Now, it’s having a knock-on effect on the entertainment industry. Business title Bloomberg noted that Pinkfong’s parent-company SmartStudy is looking to capitalize on the song’s Top 40 chart position and social-media success by “expanding its kid-oriented entertainment business with short videos via Netflix Inc., a cartoon series and a musical in North America this year.”

So while Drake’s “Scorpion” album might be all over Sunday’s Grammys and Lady Gaga’s “A Star is Born” dominates this month’s Oscars, 2019 could actually turn out to be the year of the shark.

“‘Baby Shark’ is definitely not going away — you’ll see merchandise, maybe a movie,” says Jenna Capozzi, CEO of Capozzi Productions, which has produced children’s content for 13 years. “Toddlers are becoming a driving market. Do I think [production companies] will create more films just for this age? Absolutely. They would be stupid not to. I think they’d be shorter films too — maybe 45 minutes.”

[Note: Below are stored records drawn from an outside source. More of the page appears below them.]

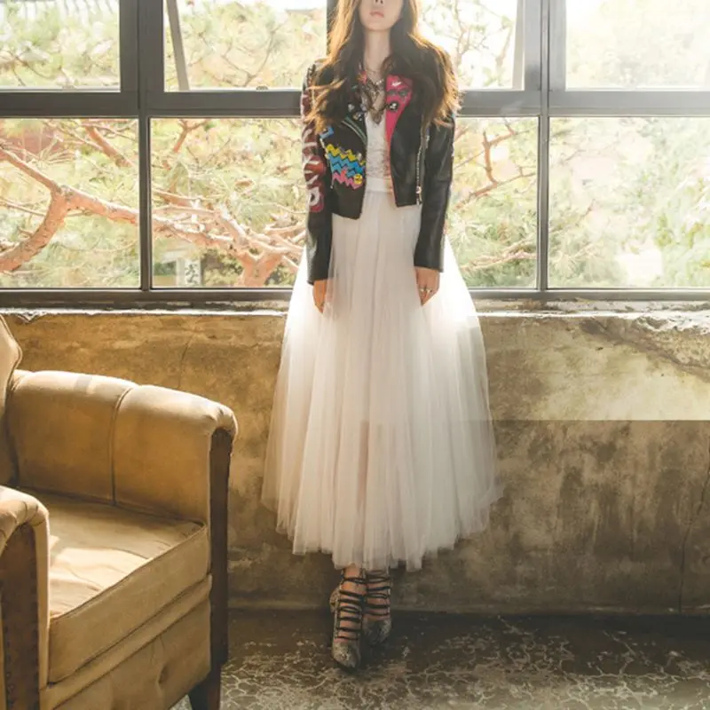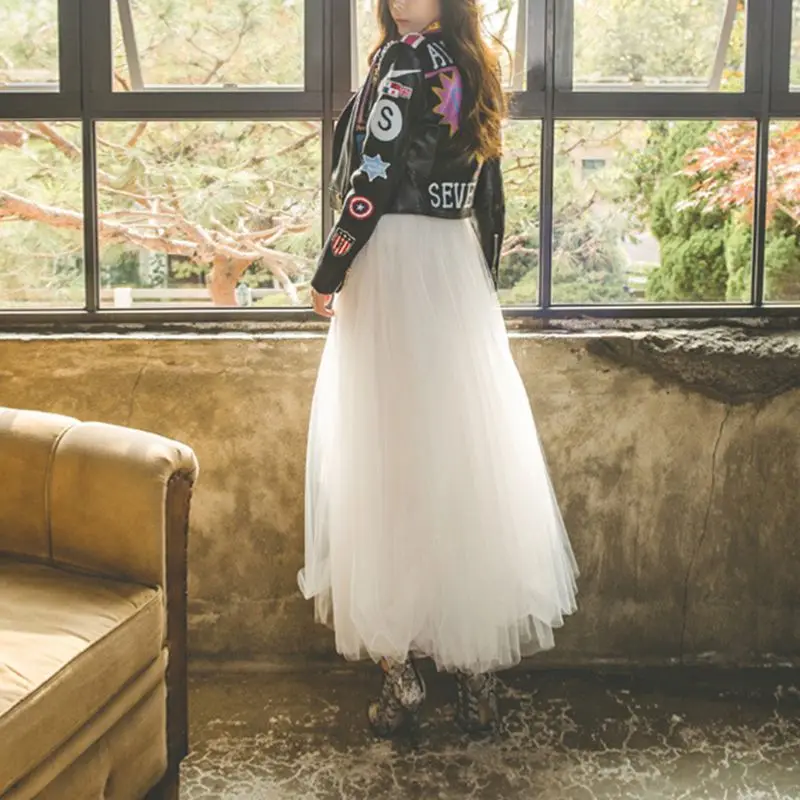 Модная Тюлевая юбка для женщин, эластичная длинная трехслойная сетч...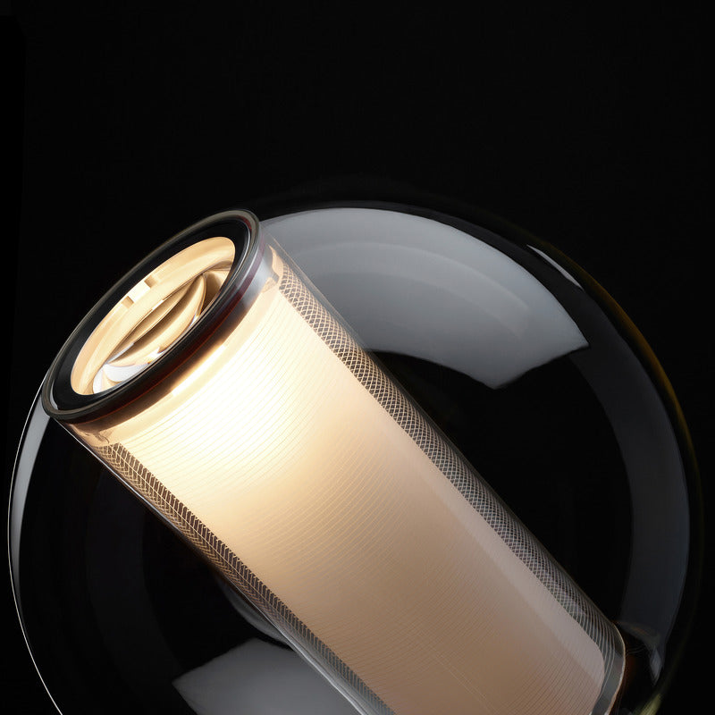 Bel Occhio is a study in weightlessness and transparency, notes designer Pablo Pardo on his inspiration for this luminaire. It evokes nature's transformative light. His piece manifests the celestial through a hybrid design: its suspended, inner column creates focused illumination while its surrounding shell produces a transformative ambient glow. These symbiotic elements enable Bel Occhio to act as a multi-position spotlight and a source of atmospheric tenor. They also serve dynamic purposes: Bel Occhio is built as an infinitely adjustable table lamp and a suspended pendant model. Both elements serve to illuminate with comfort and fascinate the imagination.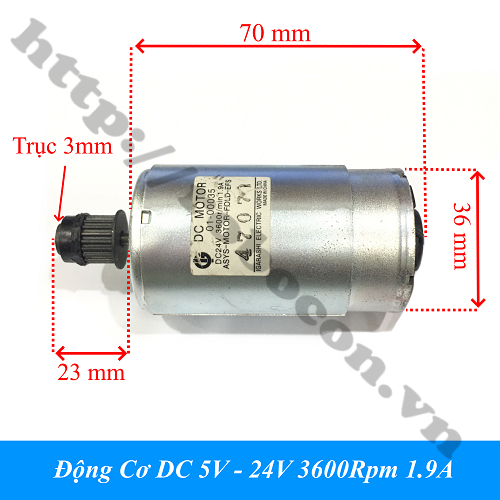 - Động cơ motor DC 5V - 24V 3600Rpm 1.9A cho lực kéo mạnh, mô-men xoắn cao là động cơ không thể thiếu trong sự vận hành của máy móc.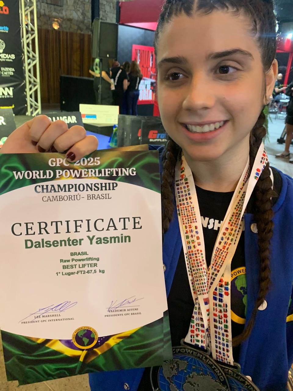 Com esse resultado histórico, Yasmin Dalsenter, a jovem florianopolitana de 17 anos, que treina há apenas dois anos, se consolida como um dos grandes nomes do powerlifting brasileiro e inspira uma nova geração de atletas a acreditarem que, com esforço e determinação, não há peso que não possa ser levantado
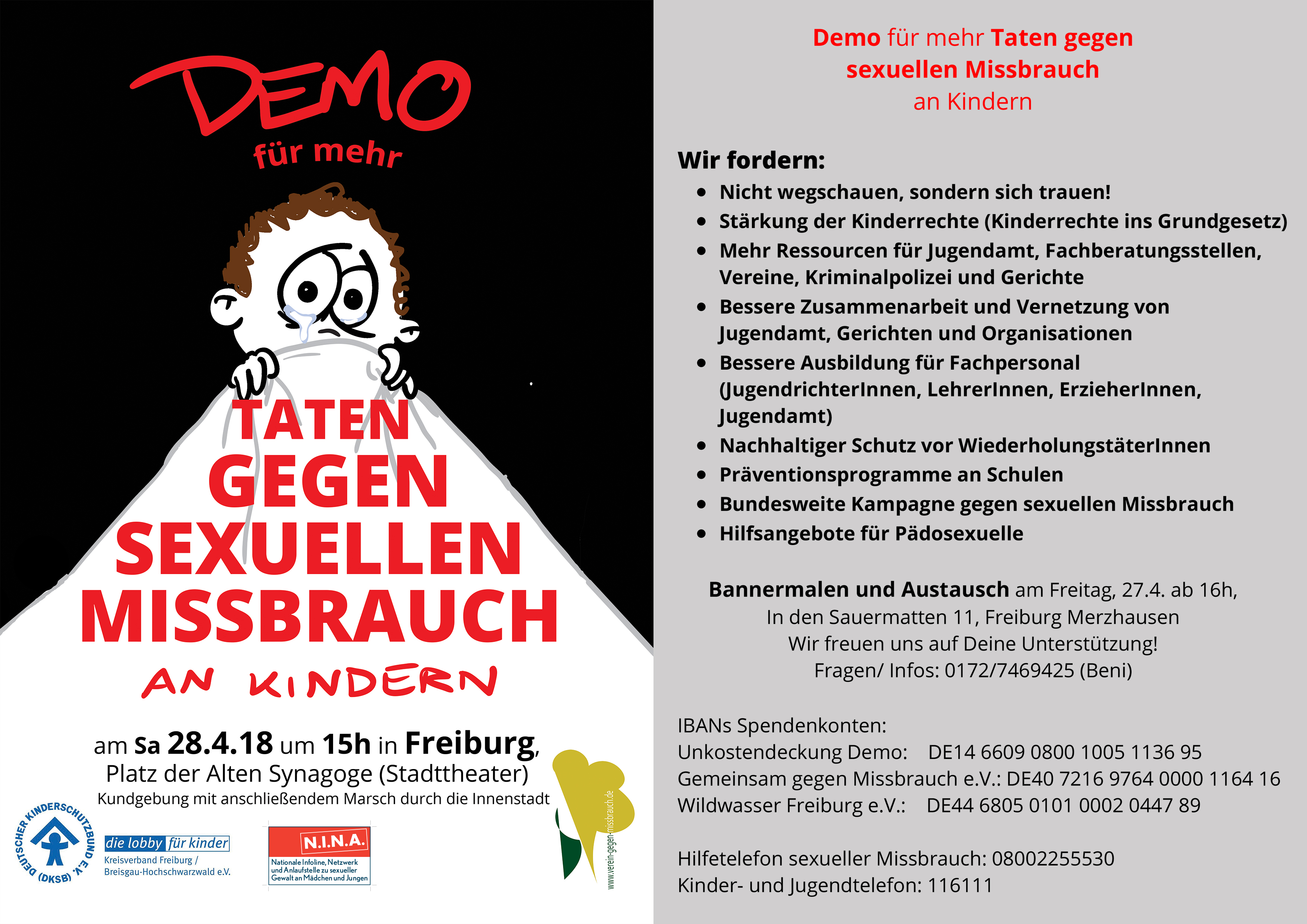 Samstag, 28.04.18 um 15:00 Uhr Platz der Alten Synagoge Platz der Alten Synagoge 79098 Freiburg im Breisgau Deutschland Show map Demo für mehr Taten gegen sexuellen Missbrauch an Kindern

So, far from gobbling up the mopey, old-man material I’ve tried to feed her, my daughter and her age group are forging new forms of entertainment — and forcing industrywide change — before they’re out of diapers.

And, to be honest, I’m not-so-secretly glad about it. My daughter’s musical tastes highlight the start of the generation gap. It’s the natural order of things for her to have her own unique interests because it helps kids separate themselves from their elders.

Anyway, it would be tragic if she grew into a teenager having dad-rock conversations with me about the best Oasis B-side (it’s “Acquiesce,” by the way).

Hardeep Phull is a music critic and writer whose work has appeared in the NME, Rolling Stone and the Sunday Times of London.